YOUR INSTRUCTIONS — Set out exactly, line by line, the stretch of data below that begins at the line containing "La Hyundai IONIQ" and ends at the line containing "Слънцезащитната блуза SeaBuzz", with both ends kept.

Top of MATERIAL FOR THIS EXERCISE

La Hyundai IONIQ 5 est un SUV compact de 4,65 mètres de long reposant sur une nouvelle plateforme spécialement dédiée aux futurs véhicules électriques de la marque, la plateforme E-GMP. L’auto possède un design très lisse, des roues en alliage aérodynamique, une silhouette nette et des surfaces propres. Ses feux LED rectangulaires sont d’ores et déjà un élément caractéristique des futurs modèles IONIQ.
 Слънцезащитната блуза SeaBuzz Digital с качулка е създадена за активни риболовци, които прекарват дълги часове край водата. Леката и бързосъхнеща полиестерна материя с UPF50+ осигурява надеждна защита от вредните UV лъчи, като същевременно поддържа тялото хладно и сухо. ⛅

Bottom of MATERIAL FOR THIS EXERCISE
Top of MATERIAL FOR THIS EXERCISE

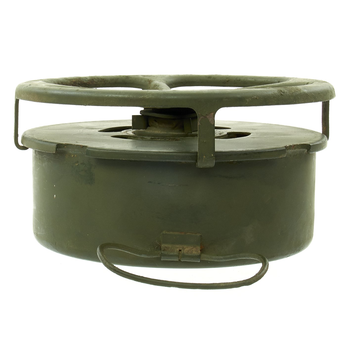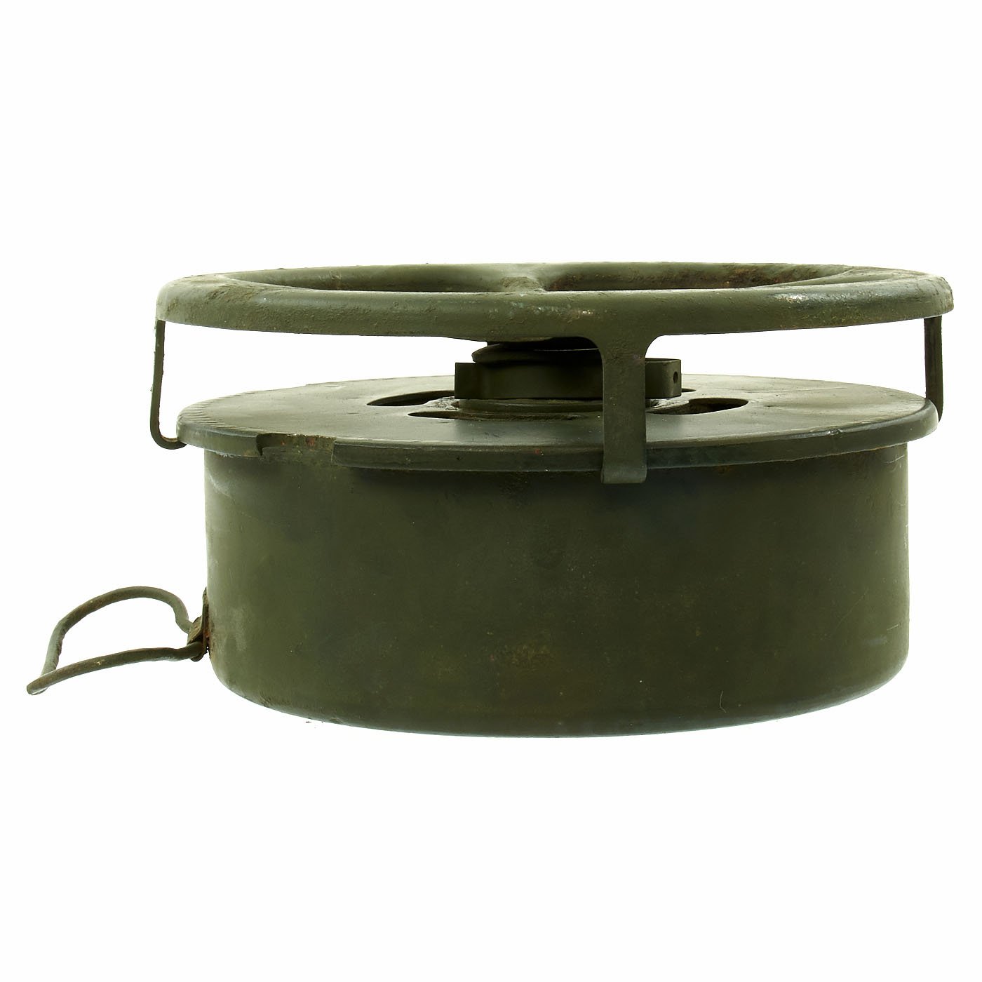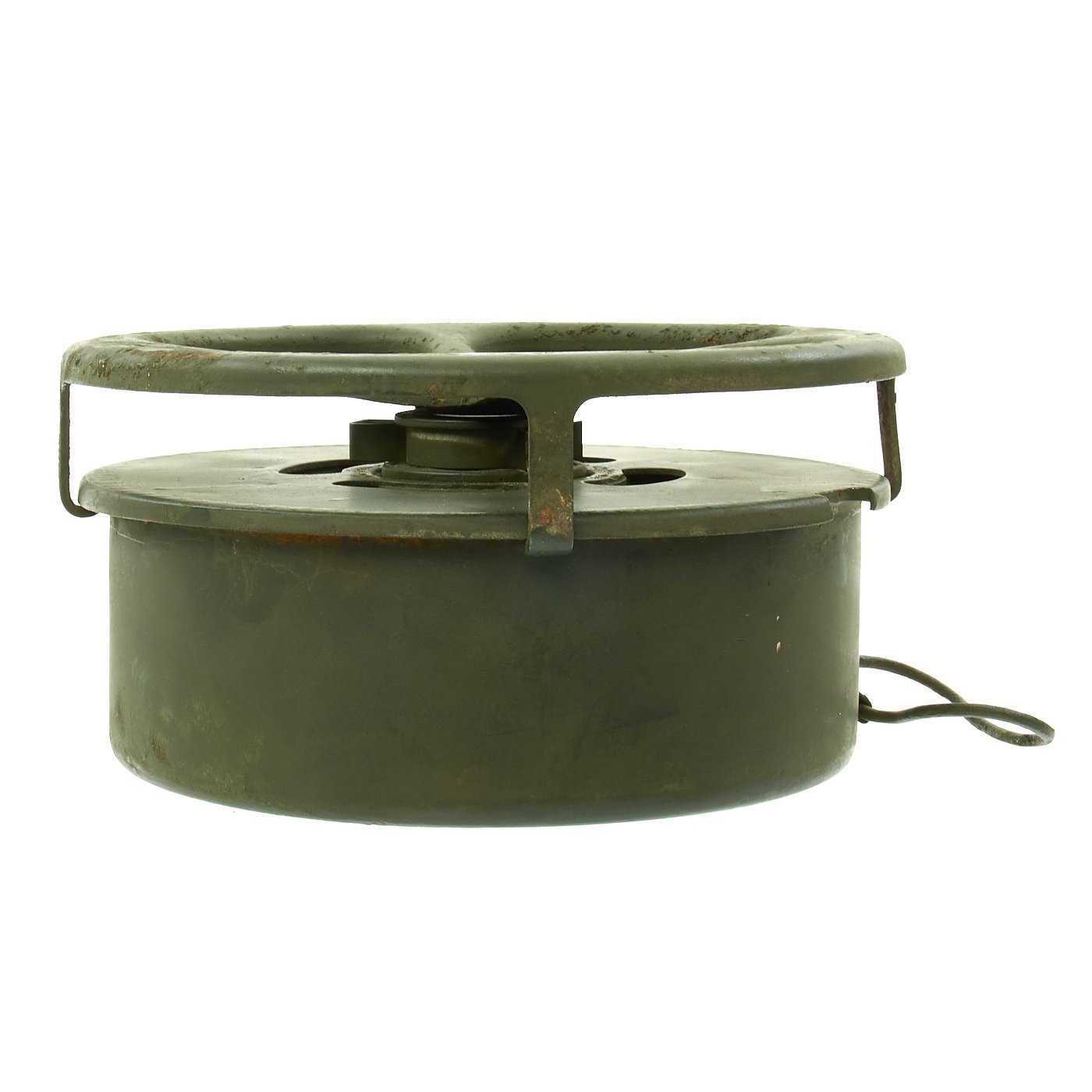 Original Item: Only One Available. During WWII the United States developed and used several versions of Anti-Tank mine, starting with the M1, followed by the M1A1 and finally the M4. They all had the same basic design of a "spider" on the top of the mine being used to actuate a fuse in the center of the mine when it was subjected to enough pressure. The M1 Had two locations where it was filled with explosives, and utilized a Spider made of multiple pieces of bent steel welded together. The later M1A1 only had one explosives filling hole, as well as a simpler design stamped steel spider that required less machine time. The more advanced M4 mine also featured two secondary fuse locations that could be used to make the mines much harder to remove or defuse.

Bottom of MATERIAL FOR THIS EXERCISE
Top of MATERIAL FOR THIS EXERCISE

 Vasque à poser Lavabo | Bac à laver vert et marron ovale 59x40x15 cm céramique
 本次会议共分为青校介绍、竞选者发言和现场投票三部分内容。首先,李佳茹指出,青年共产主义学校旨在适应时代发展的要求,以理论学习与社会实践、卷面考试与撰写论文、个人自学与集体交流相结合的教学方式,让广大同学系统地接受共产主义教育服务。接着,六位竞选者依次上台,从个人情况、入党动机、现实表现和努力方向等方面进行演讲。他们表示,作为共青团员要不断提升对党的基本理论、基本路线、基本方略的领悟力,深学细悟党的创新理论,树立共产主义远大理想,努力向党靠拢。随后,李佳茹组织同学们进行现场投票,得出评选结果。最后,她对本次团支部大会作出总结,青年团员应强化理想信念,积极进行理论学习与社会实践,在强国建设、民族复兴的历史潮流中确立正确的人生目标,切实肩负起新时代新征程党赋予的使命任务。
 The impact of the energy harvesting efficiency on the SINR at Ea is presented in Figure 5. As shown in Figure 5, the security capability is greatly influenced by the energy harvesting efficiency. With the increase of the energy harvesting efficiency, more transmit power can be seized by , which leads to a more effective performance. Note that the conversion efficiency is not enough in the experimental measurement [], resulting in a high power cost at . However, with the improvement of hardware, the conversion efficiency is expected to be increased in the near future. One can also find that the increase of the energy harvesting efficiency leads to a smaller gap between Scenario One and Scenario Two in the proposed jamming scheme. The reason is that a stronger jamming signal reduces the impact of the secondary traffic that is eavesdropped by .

Bottom of MATERIAL FOR THIS EXERCISE

EXPECTED OUTPUT —
La Hyundai IONIQ 5 est un SUV compact de 4,65 mètres de long reposant sur une nouvelle plateforme spécialement dédiée aux futurs véhicules électriques de la marque, la plateforme E-GMP. L’auto possède un design très lisse, des roues en alliage aérodynamique, une silhouette nette et des surfaces propres. Ses feux LED rectangulaires sont d’ores et déjà un élément caractéristique des futurs modèles IONIQ.
 Слънцезащитната блуза SeaBuzz Digital с качулка е създадена за активни риболовци, които прекарват дълги часове край водата. Леката и бързосъхнеща полиестерна материя с UPF50+ осигурява надеждна защита от вредните UV лъчи, като същевременно поддържа тялото хладно и сухо. ⛅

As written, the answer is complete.